И во мне роковой конфликт:
Дух и плоть не поделят кров.
Я – арена великих битв
И локальный объект боёв.

Посвящение любимому городу

Эссе

Те, кто никогда не был в Санкт-Петербурге, надеюсь, захотят в нём побывать, прочитав эти строки. Надеюсь так же, что те, кому посчастливилось родиться и жить в этом городе, найдут в них что-то свое, родное, может быть, ещё никем невысказанное. Я люблю этот город. Это нельзя объяснить, нельзя передать ощущение, с которым идёшь по набережным рек и речушек, восходишь на мосты или устало спешишь по Невскому. Может быть, это можно объяснить тем, что лучшие дни моей юности прошли в этом городе? Дни, когда всё впереди и так мало позади, дни, когда нет ничего невозможного, и так много хочется сделать.

Не раз я размышлял, где истинное лицо Санкт-Петербурга?
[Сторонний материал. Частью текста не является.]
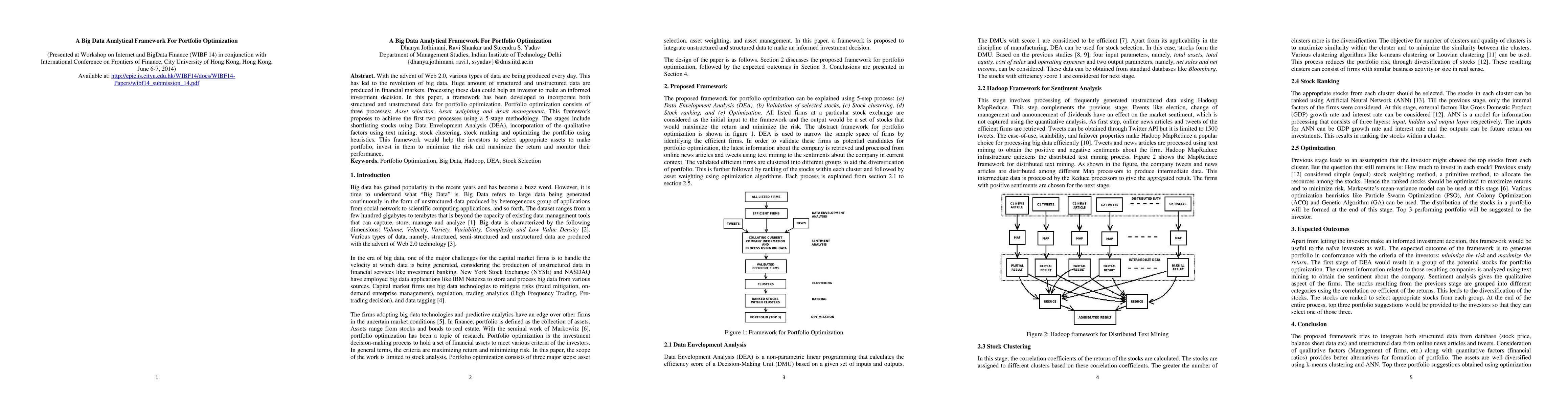 With the advent of Web 2.0, various types of data are being produced every day. This has led to the revolution of big data. Huge amount of structured and unstructured data are produced in financial markets. Processing these data could help an investor to make an informed investment decision. In this paper, a framework has been developed to incorporate both structured and unstructured data for portfolio optimization. Portfolio optimization consists of three processes: Asset selection, Asset weighting and Asset management. This framework proposes to achieve the first two processes using a 5-stage methodology. The stages include shortlisting stocks using Data Envelopment Analysis (DEA), incorporation of the qualitative factors using text mining, stock clustering, stock ranking and optimizing the portfolio using heuristics. This framework would help the investors to select appropriate assets to make portfolio, invest in them to minimize the risk and maximize the return and monitor their performance.

В светлой тишине музеев, в причудливой вязи и изящных очертаниях архитектуры старого города? Может быть, в ветреных просторах новостроек и гуле подземки? В воскресной толчее проспектов, сдержанной роскоши гостиниц и отголосках эха уходящих с Московского вокзала поездов? Конечно, я не нашёл ответа. Думаю, что каждый, будь то коренной житель или гость, соприкоснувшись с Санкт-Петербургом, носит в себе собственный неповторимый образ города, добавляя при каждой встрече новые штрихи.

Ещё в раннем детстве, едва начиная себя осознавать, я обращал внимание на старинные здания Санкт-Петербурга, тогда еще Ленинграда, на чувства, которые они вызывают.

С тех пор плавные закругления узких оконных проёмов, овальные линии, составляющие неповторимые узоры древней архитектуры, ассоциируются у меня с хором, таинственно и мягко выводящим мелодию без слов.

Трудно вернуться в прошлое, но можно вернуться в Санкт-Петербург. Он, город, помнит всё и поможет вспомнить тебе. Можно пройти по тесным коридорам института, почти не встречая знакомых лиц, посидеть в пустой аудитории, где, когда-то был счастлив, не зная этого. Потом в маленьком буфете за чашкой кофе с лимоном, как тогда, опять понимаешь: всё впереди. И это будет правдой, ведь город ждёт. И можно снова составить маршрут, чтобы побывать везде, где бывал когда-то или только хотел побывать.

Как описать белые ночи Санкт-Петербурга? Несмотря на поздний час, скверы и набережные полны народа, в неясном свете белеют беззаботные лица. Повсюду слышны музыка, смех. Мосты вот-вот разведут, и наша компания в радостном возбуждении. Бежать ли на ту сторону, будет ли там веселей? А кто-то уже бездумно унесся туда, обрекая себя на разлуку до утра. А утром, когда всё уже угомонилось, только торопливые шаги редких прохожих да урчание и стук хлебных фургонов нарушают тишину.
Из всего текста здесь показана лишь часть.